PROMPT:
Which lines of the data below include the string "para"? Return each of them.

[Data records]
◇ ◇ ◇ ◇ ◇

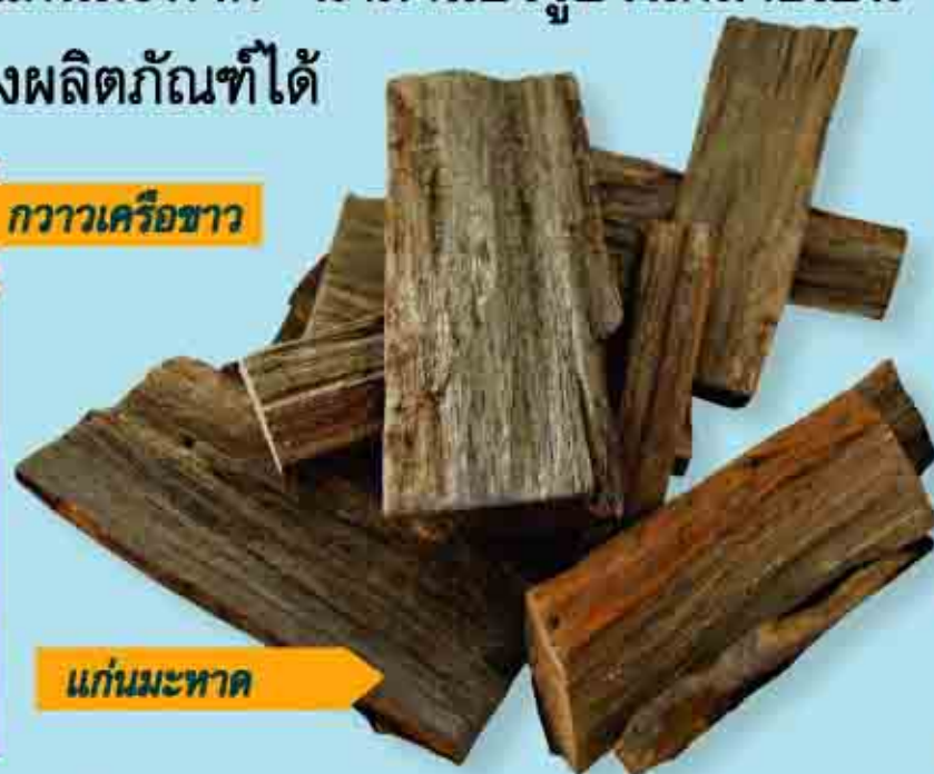
กวางเครือขาว
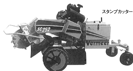
スタンプカッター
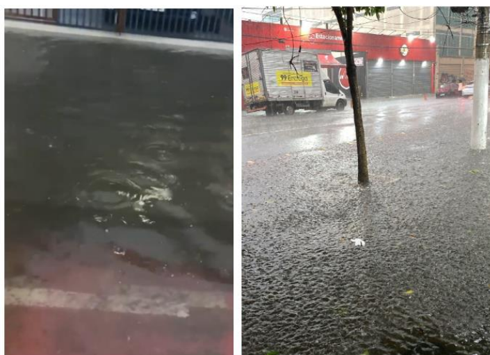
Figura 7 e 8 - Alagamento na Rua Pedro Viciante.
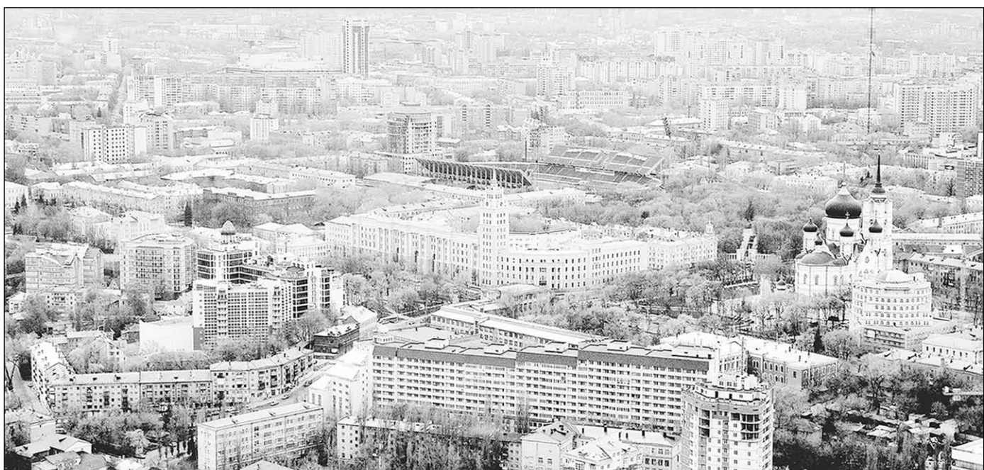
Мегаполис, в котором жить всё труднее.

Позиция губернатора – понятная. А вот строительное бизнес-сообщество и словом
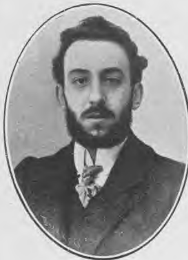
Hernán Cortés, autor del libro.

Un fabricante de guitarras llamado Mariano, que tiene una hija guapa, novia del aprendiz de la guitarrería, necesita de un préstamo de 1.500 pesetas para salvar del embargo su establecimiento. El tabernero Paco, amigo del citado industrial, está enamorado de la muchacha, y enterado del apuro en que se encuentra el padre de ésta, decide prestarle las 1.500 pesetas,
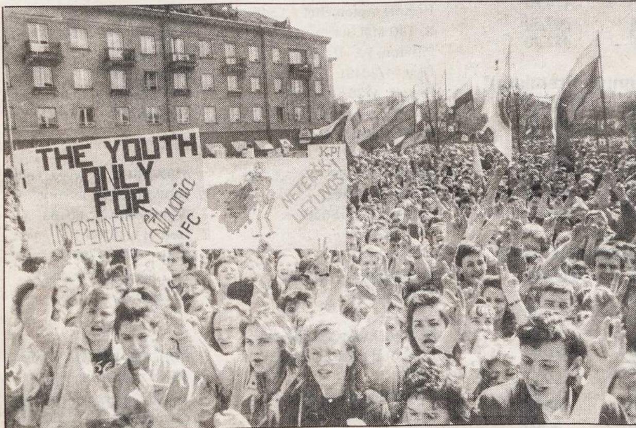
Lietuviai studentai demonstruoja Vilniuje už Lietuvos nepriklausomybę.
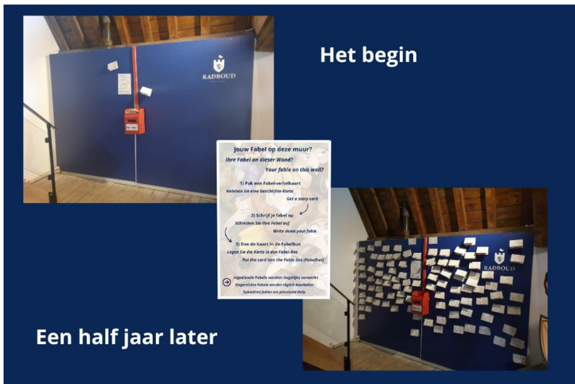
Figuur 4 Fabelmuur op dag 1 en een half jaar later

Na de kennismaking met de Sammeltjes van Wieringen, Tientôn Elfrib, de Boezehappert, de Zuiderzeemeermin, de Zeeridder en de Draak van Staveren, kom je bij de interactieve Fabelmuur. Op de bijgeleverde Fabelkaarten kun je een fabelfiguur uit jouw deel van de wereld met het bijbehorende verhaal delen met volgende bezoekers.
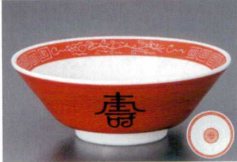
848-01-611 2,400円 0161848001 朱巻き竜門7.0切立井(イングレース) (21.5×7.7cm) 848-02-611 2,200円 0161848002 朱巻き竜門6.5切立井(イングレース) (19.5×7cm)

大鉢 磁鉢 側身 和印 磁印 大印 酒樽 茶器 茶鉢 土瓶 急須 湯呑 和陶 オーブン 耐熱 重古焼 洋食器 二部皿 中華食器 茶道具 カマ 木漆竹製品 カマ 御神保 漆器
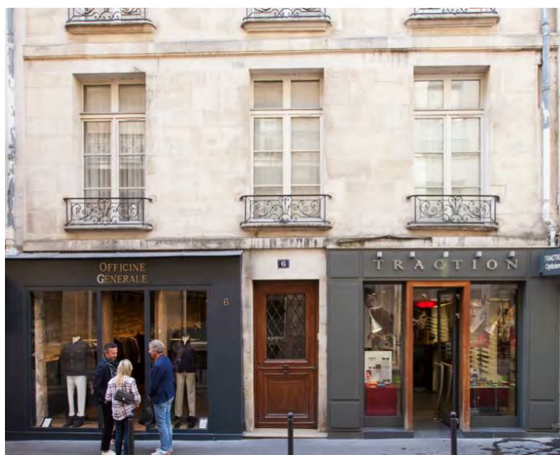
6 rue du Dragon à Paris (6 ème )
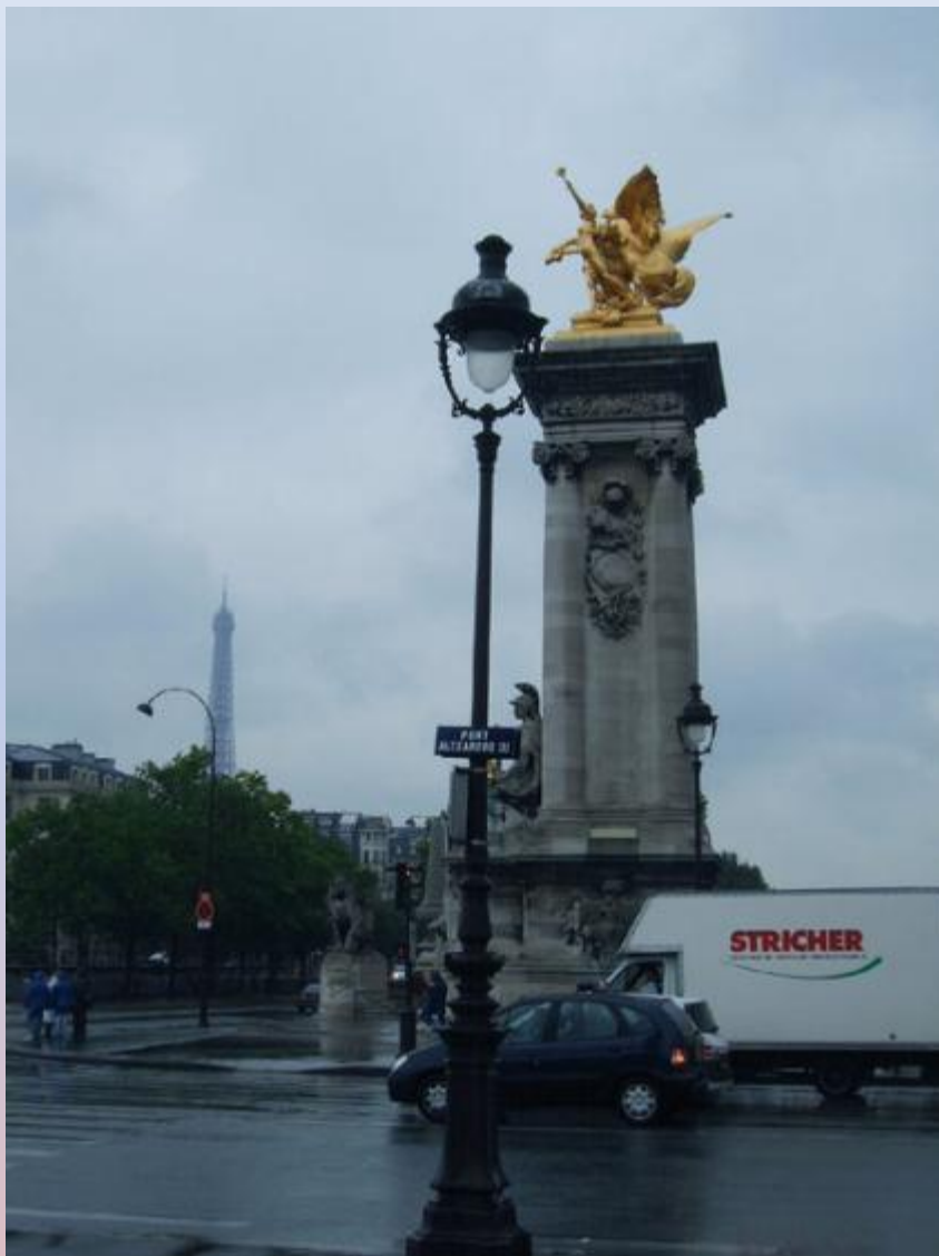
Мост Александра Pont d'Alexandre III
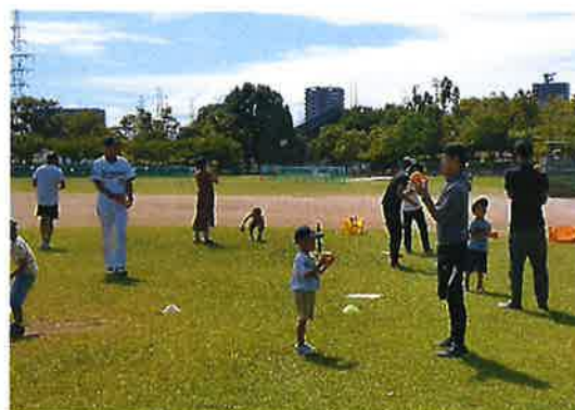
オリックス野球教室
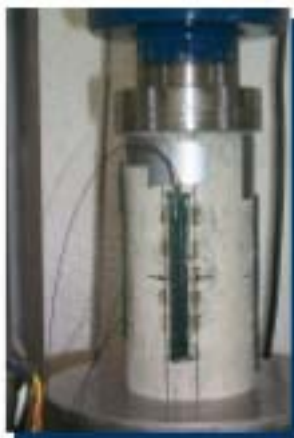
FOS-B bonded on concrete
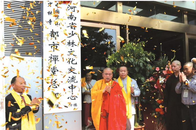
少林寺方丈释永信为河南省少林文化交流中心揭幕(资料图片)

在海外建立了数十家少林文化交流中心后,中国嵩山少林寺在国内开设了首家少林文化交流中心。
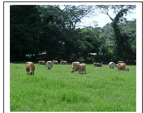
Fig.1 Animales en pastoreo

Nosotros concebimos una visión del uso del suelo al ver que hay en él, un bosque; sus árboles, la cobertura de su suelo su ambiente, el bosque tropical húmedo, sombreado, una siembra de maíz su tamaño, vigor salud del cultivo, una pradera con sus animales pastando, se ve la relación entre el suelo y su uso. Sin embargo no siempre se puede establecer esta relación, encontramos siembras en
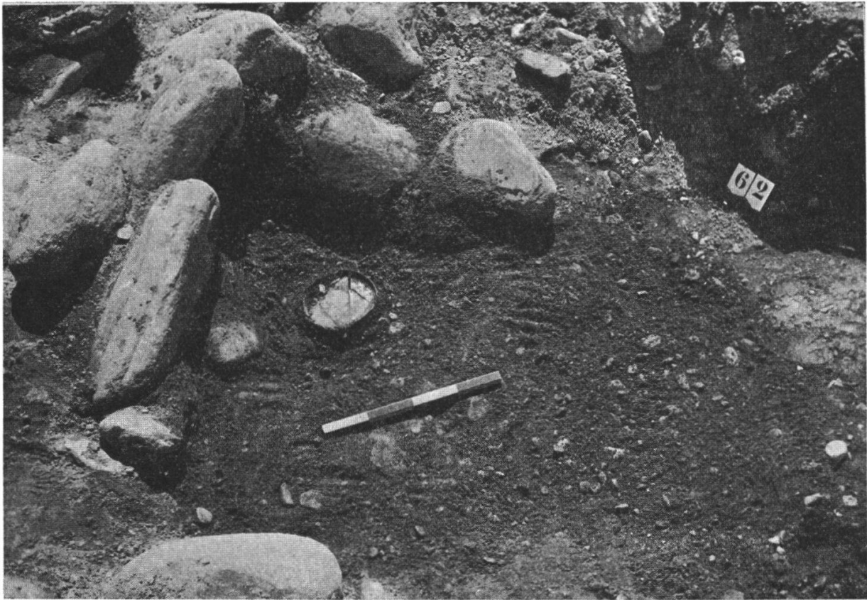
Fig. 5: Tomba n. 6, dopo lo scoprimento. Piatto di sigillata di A. Gellius nell'estremità orientale della tomba a inumazione
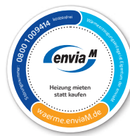
Magnet für die Heiztherme Den Magneten bringen Sie an die neu installierte Wärmeerzeugungsanlage an. Der Kunde soll im Störfall sofort die Störhotline anrufen.
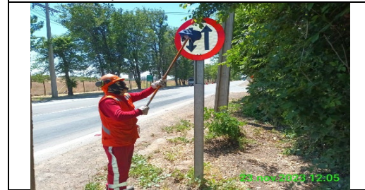
Mantenimiento y conservación de señales verticales
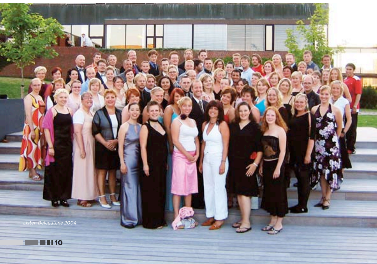
Listen Delegationene 2004

«Det kom latterbrøl på latterbrøl fra salen som til slutt bunnet ut i stående applaus»
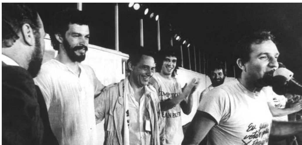
Figura 11 - Sócrates participando de ato pelas Diretas, 1984

tendo como inspiração a possibilidade concreta de mudanças para a população. Lira Neto (2012) menciona que o futebol é o esporte mais enraizado em nossa cultura, e mostra-se compatível com as características dos brasileiros, o que torna possível dizer que a nossa sociedade se expresse pelo esporte.
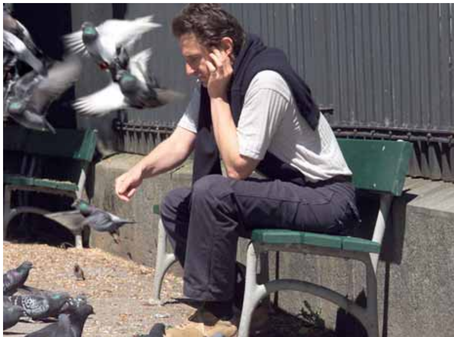
Finanzielle Sorgen trüben die Freude am Leben

Für Arbeitnehmer bedeutet der Verlust des Arbeitsplatzes einen stärkeren Einschnitt als für Arbeitnehmerinnen: 72 Prozent der Männer und 56 Prozent
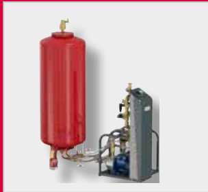
Flamcomat G3 Експанзиони аутомат *
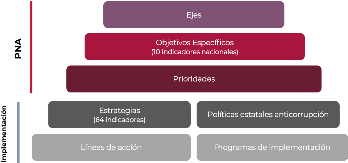
Figura 1. Sistema de indicadores del SNA
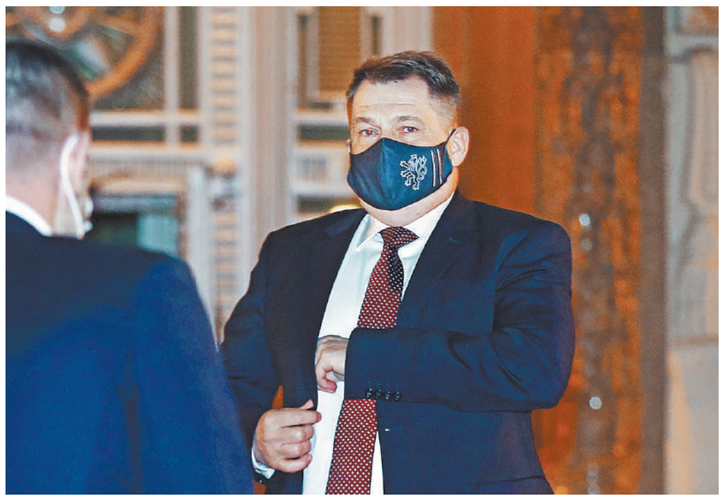
Посол Чехии в России Витезслав Пивонька у здания российского внешнеполитического ведомства.

Еще до объявления Кулганека Захарова обратила внимание на странные маневры чешского
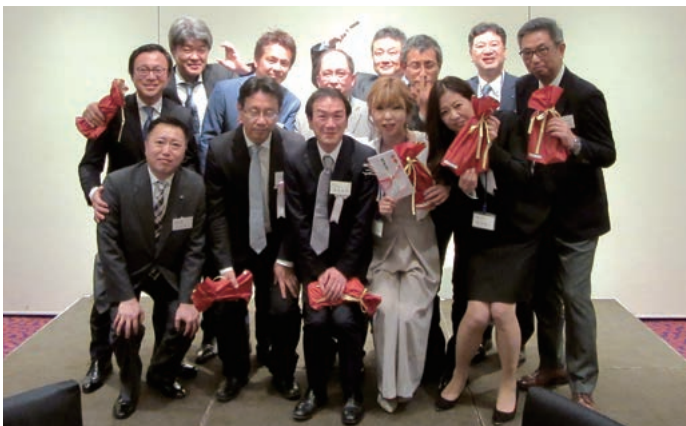
2018年度卒業生の皆様

う、Find! 広島東法人会」が確認され、地域社会に貢献できる活動として「租税教室」の実施、一般の方も共に学べる「青年経営者勉強会」、「講師例会」の企画、実施など公益活動を中心に取り組む。
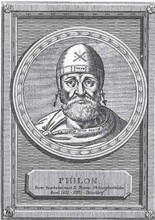
Filon de Alexandria é considerado o primeiro filósofo a tentar compatibilizar o pensamento platônico e as escrituras sagradas do judaísmo

e fêmea; e estes, por sua vez, Ele os fez dependentes de alguma outra forma que é ao mesmo tempo macho e fêmea". Mais adiante naquele texto é reafirmada a semelhança entre os mundos superior e inferior, apresentando a relação de Imagem que o mundo Inferior mantém para com seu arquétipo: "mas, sabeis que isso é a súpula do tema inteiro: tudo no mundo Inferior foi feito à imagem do mundo Superior. Tudo que existe no Mundo Superior se manifesta aqui em baixo como num retrato". Segundo o Zohar , "tudo é uma única e mesma coisa".

◇ ◇ ◇ ◇ ◇

RESULT FOR THIS EXERCISE:
Un fabricante de guitarras llamado Mariano, que tiene una hija guapa, novia del aprendiz de la guitarrería, necesita de un préstamo de 1.500 pesetas para salvar del embargo su establecimiento. El tabernero Paco, amigo del citado industrial, está enamorado de la muchacha, y enterado del apuro en que se encuentra el padre de ésta, decide prestarle las 1.500 pesetas,
tendo como inspiração a possibilidade concreta de mudanças para a população. Lira Neto (2012) menciona que o futebol é o esporte mais enraizado em nossa cultura, e mostra-se compatível com as características dos brasileiros, o que torna possível dizer que a nossa sociedade se expresse pelo esporte.
e fêmea; e estes, por sua vez, Ele os fez dependentes de alguma outra forma que é ao mesmo tempo macho e fêmea". Mais adiante naquele texto é reafirmada a semelhança entre os mundos superior e inferior, apresentando a relação de Imagem que o mundo Inferior mantém para com seu arquétipo: "mas, sabeis que isso é a súpula do tema inteiro: tudo no mundo Inferior foi feito à imagem do mundo Superior. Tudo que existe no Mundo Superior se manifesta aqui em baixo como num retrato". Segundo o Zohar , "tudo é uma única e mesma coisa".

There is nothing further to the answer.